# How many seeds from pollinated auto?



## BagSeed (Feb 5, 2009)

I am planning on doing a grow of Auto AK47 this year and got a 10 pack of the seeds. I am planning on starting some as early as possible in the year and breeding these to make seed for a second round of them. Anyone know how many seeds a heavily pollinated one will produce? Also, how old do males have to be to pollinate and how late is too late to pollinate the females. Thanks.


----------



## Waspfire (Feb 5, 2009)

now i havent tried making seeds yet but i would figure the bigger the bud u pollinate the more seeds it will produce could be wrong tho.i would wait till there in about 2-3 weeks flowering for i put the male in with autos JMO


----------



## UKgirl420 (Feb 5, 2009)

well thats anyones guess ,,,i pollen grain equals one seed ,,

males will open ther sacs and let out pollen when there ready ,,,and i would pollinate the females from around 3 weeks into flower ,,
but if you are just using them to make seeds leave them to gether growing and let them do there thing eace:
but i would read up as much as you can in the breeding section before you start 
goodluckeace:


----------



## BagSeed (Feb 8, 2009)

Well is it possible to get 100 seeds from one auto plant?


----------



## Hick (Feb 9, 2009)

BagSeed said:
			
		

> Well is it possible to get 100 seeds from one auto plant?



...."*thousands*"... one grain of pollen and one pistil = a seed...


----------



## BagSeed (Feb 9, 2009)

Ok well thats good to know.

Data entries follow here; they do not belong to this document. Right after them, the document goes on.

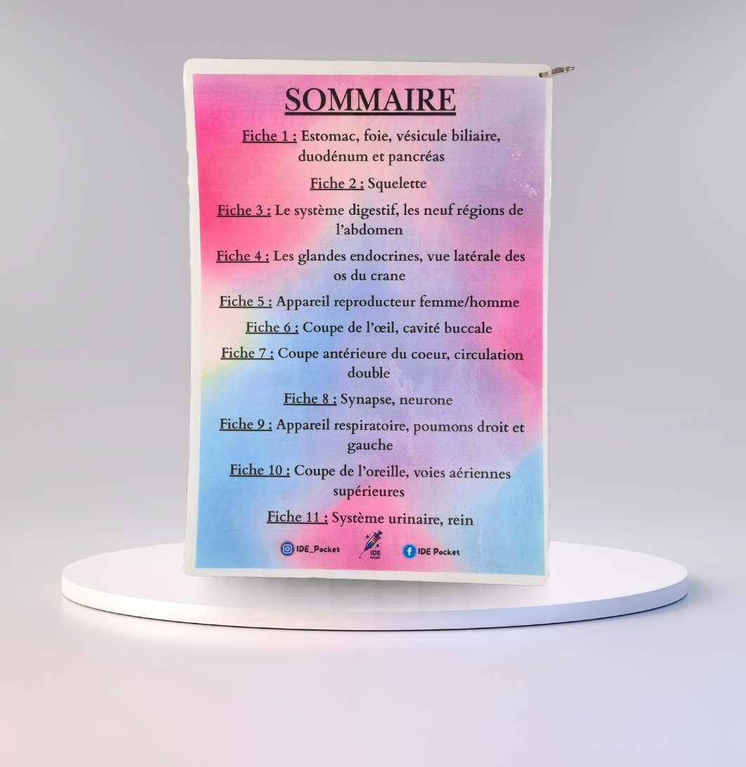 Kit de révisions anatomiques A4 recto-verso plastifié, relié par un anneau et un crochet.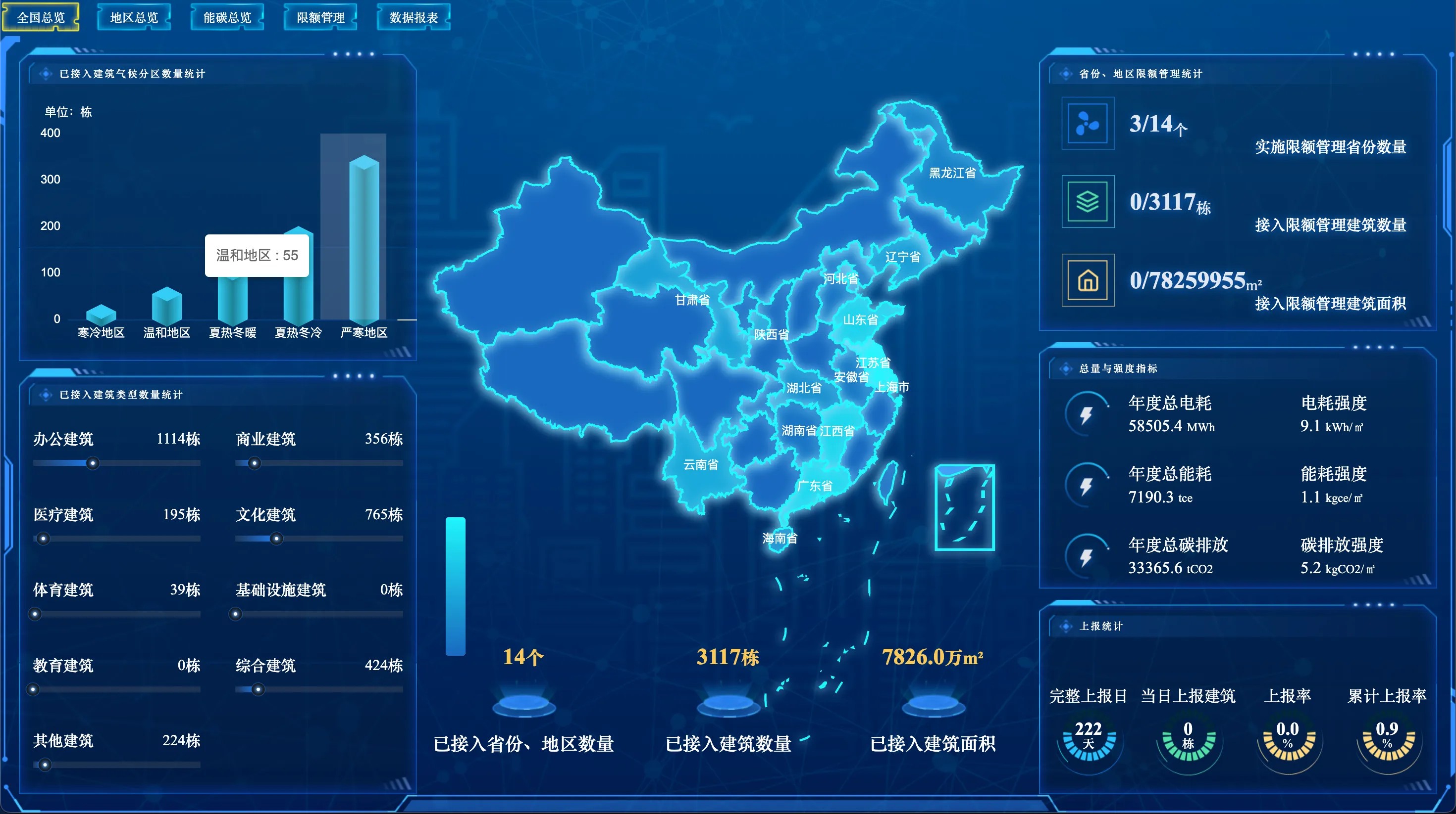 该平台通过技术与功能的先进性、原有平台集成与标准数据接口的兼容性、建筑静态数据与动态能碳数据的耦合性,全面响应了“双碳”目标与“碳排放双控”目标,为实现重点公共建筑碳排放监测管理与构建详实的“中国公共建筑能碳地图”提供了坚实基础,同时为各级政府主管部门制定节能减排决策提供了有力支撑。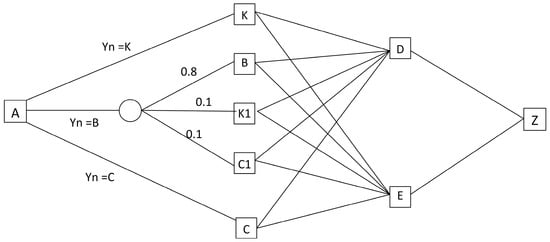 Structure of the examined transportation network under conditions of uncertainty.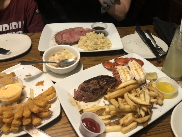 夏休み旅行の最後の夕飯にアウトバックステーキへ。サーロインステーキやプライムリブ、オニオンフライ、サラダ、クラムチャウダーなどいただきました。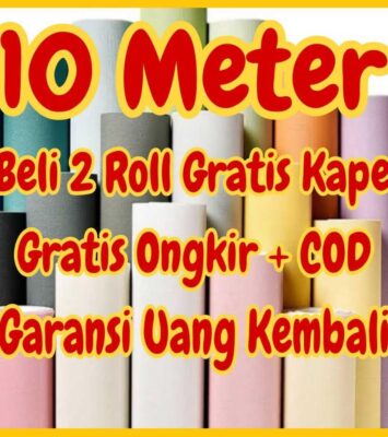 Wallpaper Dinding Premium 10 Meter x 45 cm Motif Polos Hijau Biru Abu-Abu Putih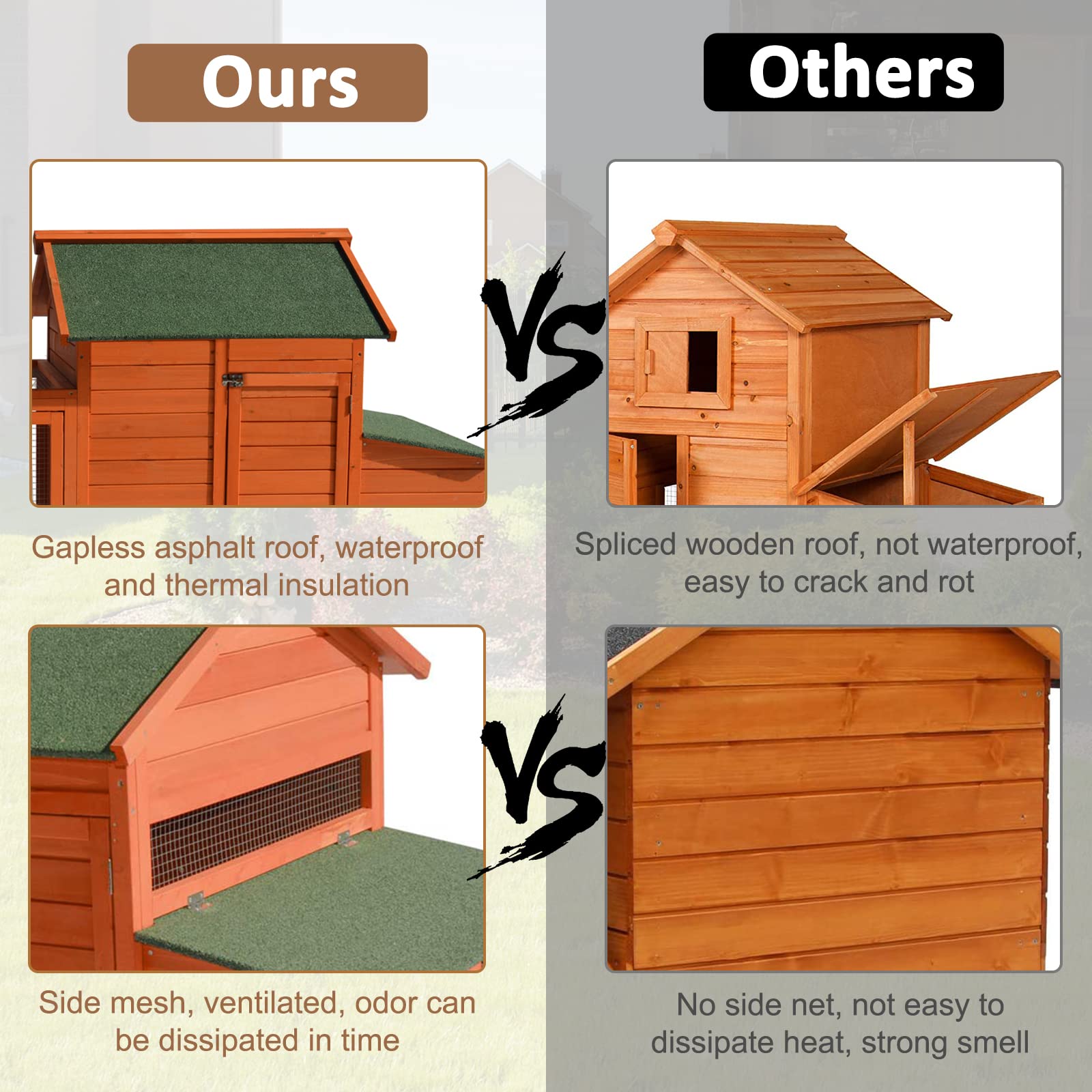 - This chicken coop is crafted of Fir wood and asphalt waterproof roof. Waterproof material keeps the chicken living environment dry. The sturdy shelter will keep your animals safely sheltered and durable for years of use.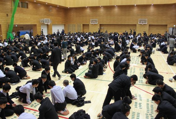 明日の中学卒業式本番に向けて、アリーナにて予行が行われました。 中学3年生はもち…

Thanks for the help and hopefully i will have a very nice auto flower grow this summer


----------



## maineharvest (Feb 11, 2009)

its amazing how many seeds can be found in one little nug.  If you just leave the males in a closet with females you will get more than enough seeds.


----------



## goneindawind (Feb 12, 2009)

i have gotten 200 plus seeds from an auto b4 out doors next to each other


----------